Police dispatcher accused of hanging up on supermarket worker during Buffalo mass shooting
Washington: An emergency services dispatcher who allegedly hung up on a Tops employee trapped inside the Buffalo supermarket during last weekend’s mass shooting that killed 10 people has been placed on administrative leave and is facing possible termination, according to county officials.
Latisha Rogers, an assistant office manager at the Tops supermarket, told the Buffalo News and WGRZ that she called emergency services and whispered to the dispatcher in hope of making the official aware of the mass shooting unfolding at the grocery store.
Police walk outside the Tops grocery store on Sunday after the shooting in Buffalo, New York.Credit:AP
Instead of assistance in a moment when she was “scared for my life,” Rogers said the 911 dispatcher dismissed her with “a very nasty tone”.
“The dispatcher comes on and I’m whispering to her and I said, ‘Miss, please send help to 1275 Jefferson there is a shooter in the store,’” Rogers told WGRZ.
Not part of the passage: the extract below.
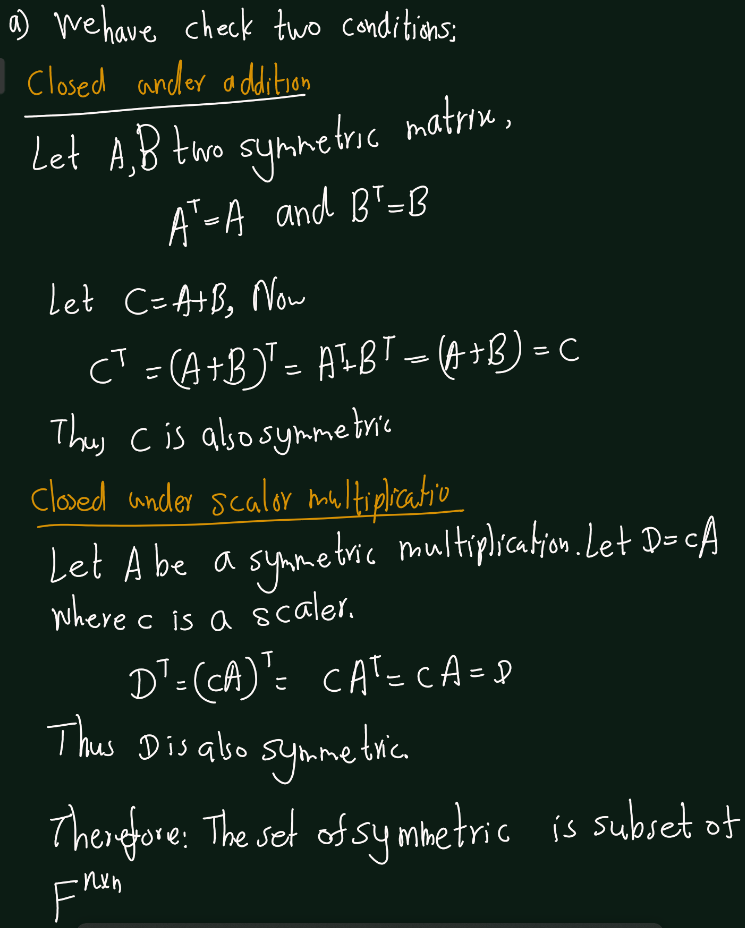 Exercise 5.13 (Artin 3.2.2) Which of the following subsets is a sub space of the vector space \(F^{n\times n}\) of \(n\times n\) matrices with coefficients in \(F\)?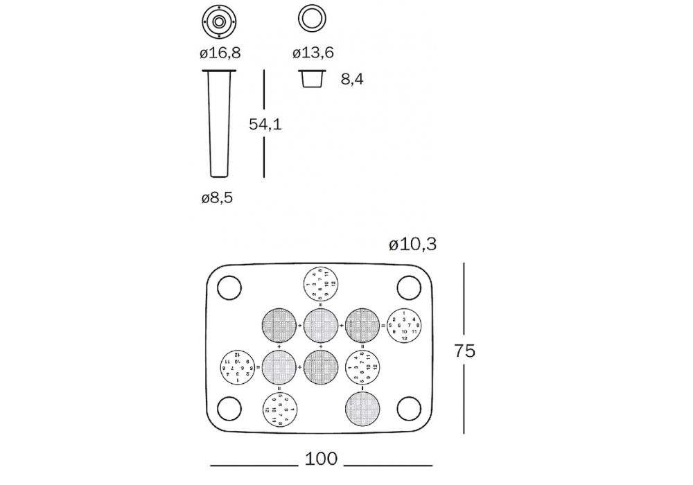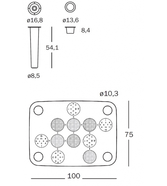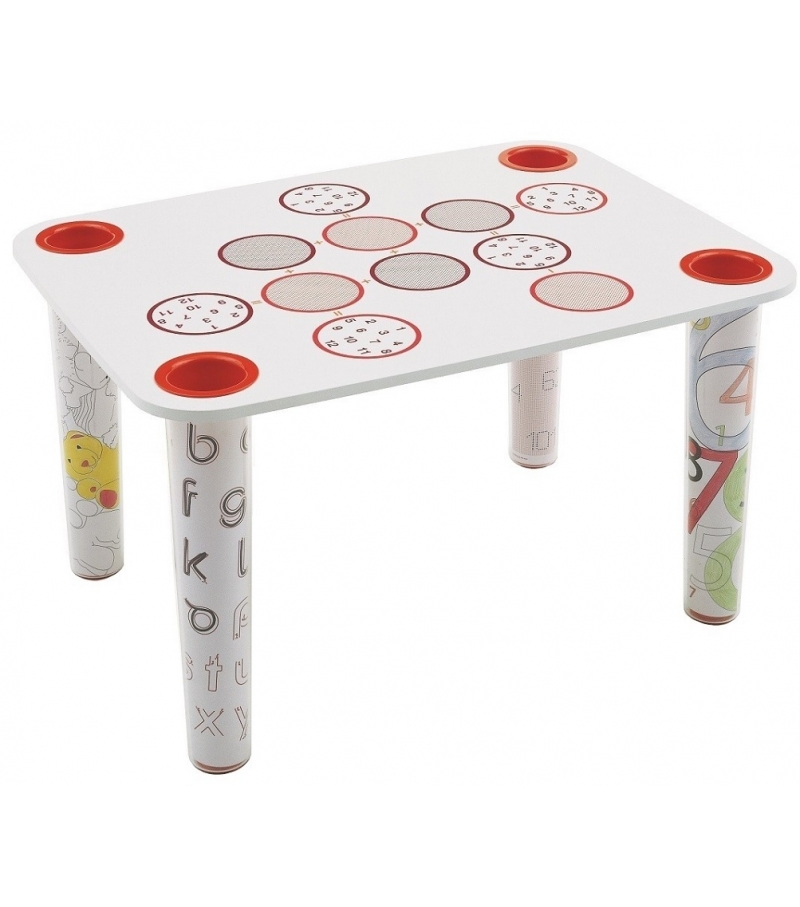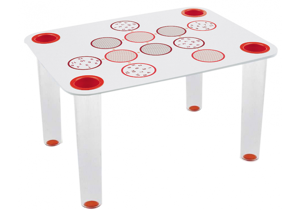 Little Flare Circle von Marcel Wanders für Magis Me Too entworfen, ist ein Tisch mit MDF-Platte, die mit Polymerblatt bedeckt und perforiert ist, um die Stiftablagen aufzunehmen. Beine aus neutralem transparentem Polycarbonat. Erhältlich mit oder ohne ABS-Stiftablage.

“She proceeded in a very nasty tone and says, ‘I can’t hear you, why are you whispering? You don’t have to whisper, they can’t hear you,’ so I continued to whisper and I said, ‘Ma’am he’s still in the store, he’s still shooting! I’m scared for my life, please send help!’ Out of nervousness, my phone fell out of my hand, she said something I couldn’t make out, and then the phone hung up.”
Erie County Executive Mark Poloncarz said at a Wednesday news conference that the dispatcher has been placed on leave and could be fired by the end of the month.
The dispatcher, who has not been publicly identified, has been on the job for eight years, according to the county.
“The individual was put on administrative leave pending a hearing which will be held on May 30 in which our intention is to terminate the 911 call taker who acted totally inappropriately not following protocol,” he said.
A spokesperson with CSEA Local 815, the union that represents the dispatcher, said they could not comment on disciplinary actions or ongoing investigations.
The announcement comes as Payton Gendron, the 18-year-old charged in connection with the killing, has been indicted by a grand jury and will remain in custody after a brief court appearance on Thursday.
Bullet holes are seen in a window as an investigator works at the scene of a fatal shooting at a supermarket in Buffalo.Credit:AP
Gendron has pleaded not guilty to the murder charges.
Authorities say the alleged white supremacist targeted the Tops supermarket in the largely black neighbourhood because of the hate he harboured for minorities, fuelled by an obsession with conspiracy theories that proliferate on the internet.
Gendron, who police say travelled three hours from his home in Conklin, NY, to target black people with his Bushmaster XM-15 rifle, is believed to have posted a screed online that revealed a paranoid obsession with a racist conspiracy theory claiming white Americans are intentionally being replaced by non-white immigrants.
Investigators from the FBI, Bureau of Alcohol, Tobacco, Firearms and Explosives, and the Justice Department’s civil rights division are combing through evidence in Buffalo and online to piece together the scope of the mass shooting and the motivation for it.
Federal prosecutors are also conducting a parallel investigation to determine whether to charge Gendron with a hate crime, a prospect that could add significant punishment, including the death penalty, according to legal experts.
Rogers had been standing behind the store’s customer service counter when the shooting began.
As she ducked down to avoid the gunfire, she hurriedly called 911 at around 2.30pm on Saturday. That’s when the Tops employee said the 911 dispatcher flippantly responded to her.
“She got mad at me, hung up in my face,” Rogers told the News. After the dispatcher hung up on her, Rogers told local media that she called her boyfriend and directed him to call 911.
When Rogers made her remarks over the weekend to local media, county officials began to investigate the allegations against the dispatcher. Poloncarz told reporters that Erie County emergency services combed through all of the 911 calls associated with the mass shooting.
Officials were able to locate the call in question and found the alleged actions of the dispatcher to be “completely unacceptable,” Poloncarz said.
The dispatcher’s alleged actions “had no bearing on the dispatching of the call,” Peter Anderson, a spokesman for Poloncarz, told WNYW in New York City.
“The first call was dispatched for an immediate police response in approximately 30 seconds,” Anderson said.
Rogers emphasised that she was glad some action was taken against the dispatcher for not helping her and others in their time of need. She told WGRZ that she was initially on the fence about the dispatcher losing her job, but has concluded that being placed on administrative leave is not enough.
“You see in movies and shows, even in real-life calls . . . that the dispatcher is never rude or nasty. They’re calm, they’re trying to keep you calm, they’re trying to get information out of you, and be understanding,” Rogers said. “She was not understanding at all, and she didn’t care and left me for dead.”
The Tops employee added, “I just thank God that I’m here ’cause I could have died.”